Image of lower extremity tattoos from case study Tattoo and False-Positive PET Scan.
Obstet Gynecol 2015.
File this under "Medical Oddities."
A 32-year old patient with cervical cancer undergoes a specialized scan before surgery to determine whether the disease has metastasized. Several lymph nodes lit up in the scan – usually an indication that malignant cells have spread.
A surprising culprit
After surgery, the physicians take a closer look at the nodes and don’t find any cancer. The culprit? More than a dozen lower body tattoos, according to a case study published this month in the journal Obstetrics & Gynecology.
“Those lymph nodes that were lighting up brightly on the PET scan were doing so because of the tattoo pigment,” study co-author Dr. Ramez Eskander, an assistant professor in the UCI Health Department of Obstetrics & Gynecology, recently told the online magazine Live Science.
Gynecologic oncologists increasingly use positron emissions tomography fused with computed tomography, known as PET/CT scans, before surgery to evaluate metastatic cancer. Numerous studies show the scans are much more specific and sensitive in detecting cancer harbored in lymph nodes compared to CT alone or with magnetic resonance imaging.
Possibility of false positives
The takeaway for cancer specialists, Eskander says: Physicians must be aware of the possibility of a false-positive PET/CT scan in patients with tattoos. A failure to realize the scan is a false-positive may subject the patient to unnecessary chemotherapy and radiation.
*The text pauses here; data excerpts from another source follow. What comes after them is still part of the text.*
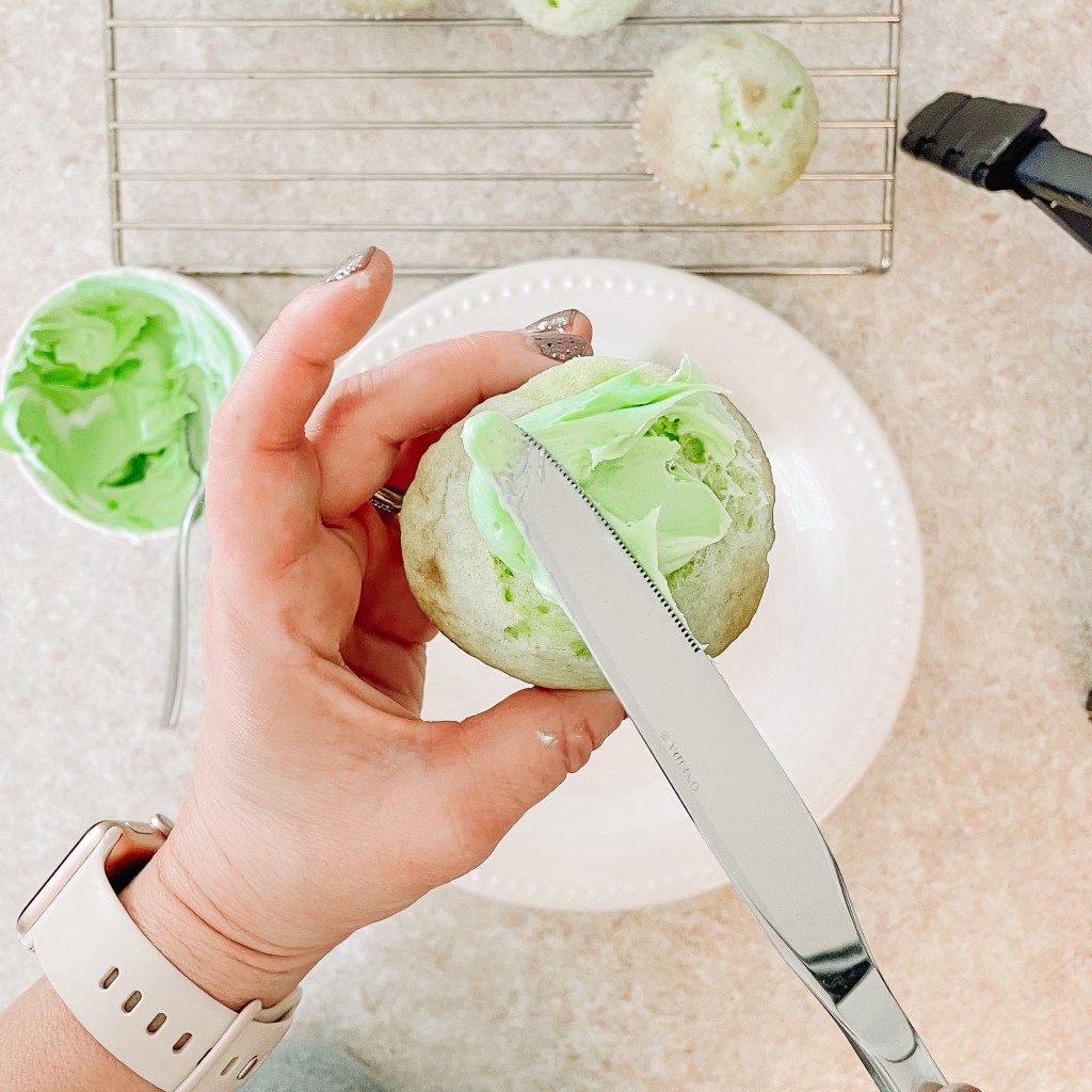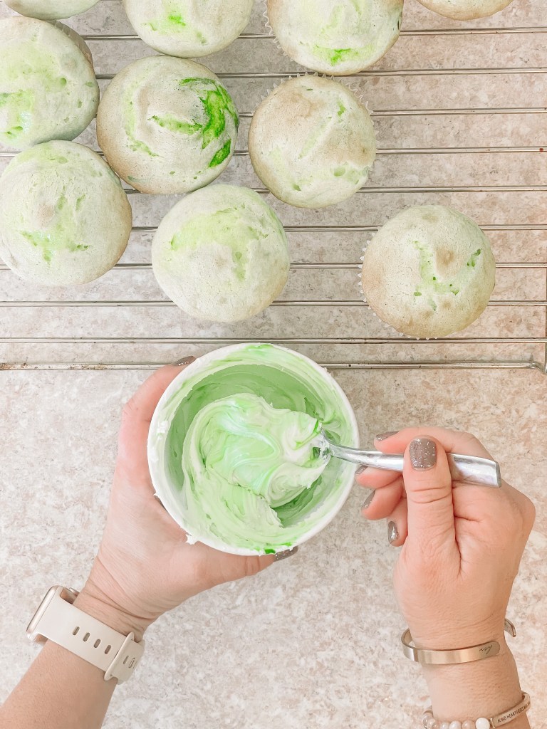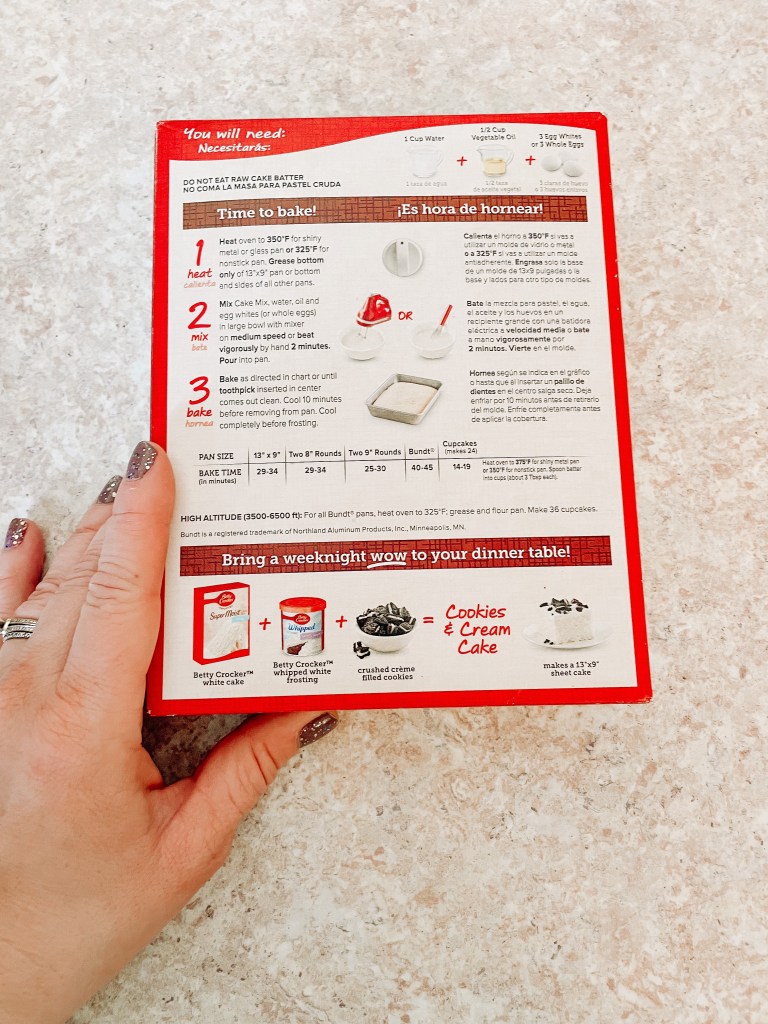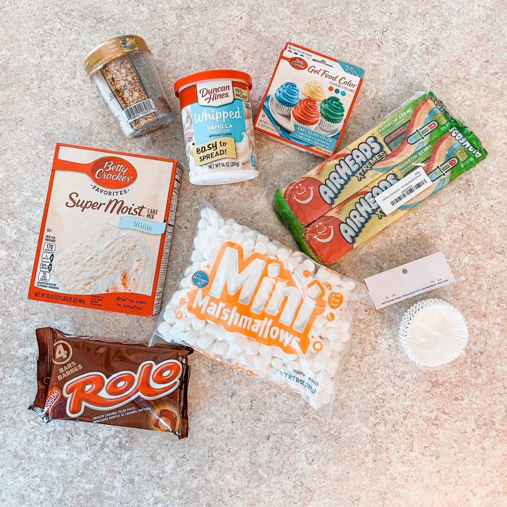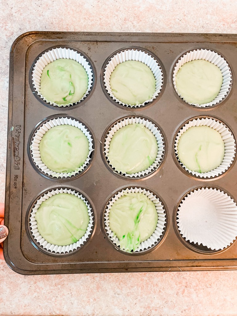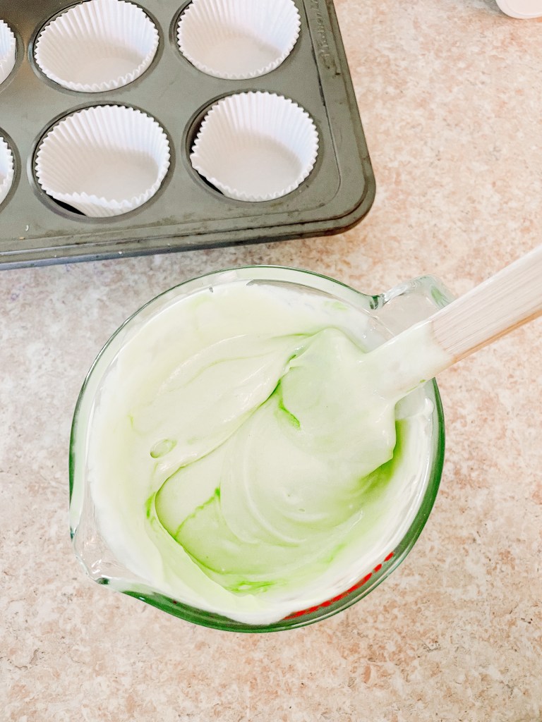 Add cupcake liners to the cupcake tin, spray with oil or pam, and fill ¾ with batter. Bake according to instructions on the box. When finished baking, allow cooling completely.
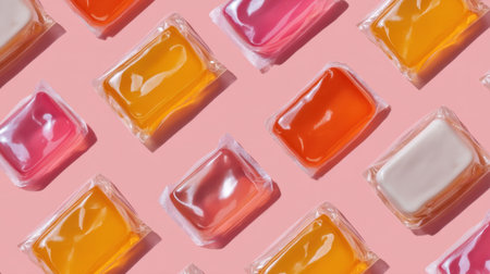 A vibrant arrangement of colorful laundry pods on a pink background, showcasing a variety of clear packaging options. These pods offer convenient cleaning solutions for modern households, emphasizing aesthetics and functionality.
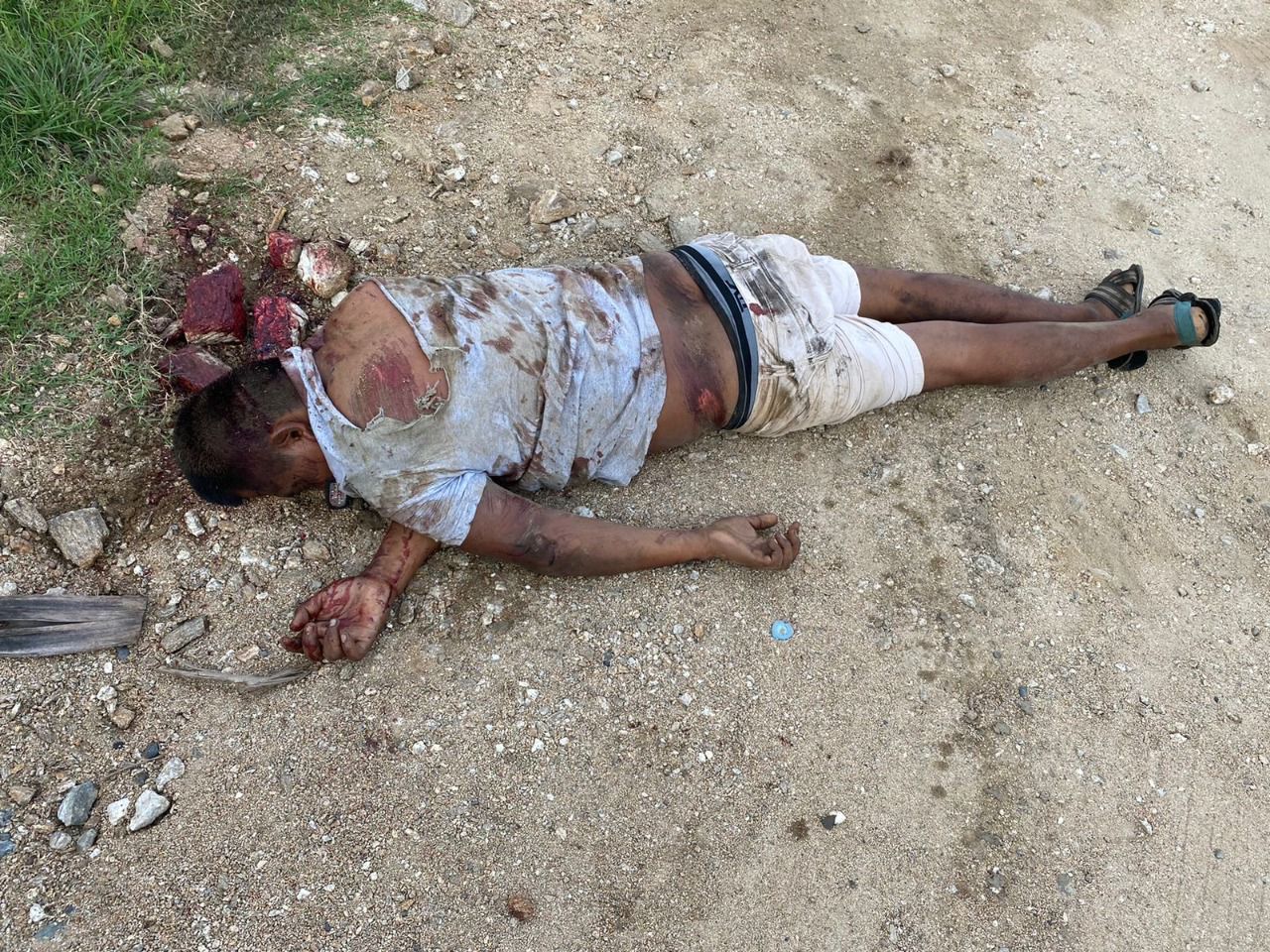 Las autoridades informaron que la víctima, un hombre de unos 34 años, presuntamente fue asesinado a pedradas, tenía golpes en el cuerpo ; vestía un short blanco con una playera gris y tenía una placa tipo militar, esto se indicó en el reporte policial.

The study notes other reports describing the migration of tattoo ink to some lymph nodes in patients with breast cancer and melanoma, among other cancers. This can make it difficult to easily differentiate between the ink pigment and the metastatic disease.
And how did tattoo ink get into the lymph nodes? Eskander’s review suggests that her tattoo pigment may have migrated to the lymph nodes after being engulfed by a type of cell called a macrophage.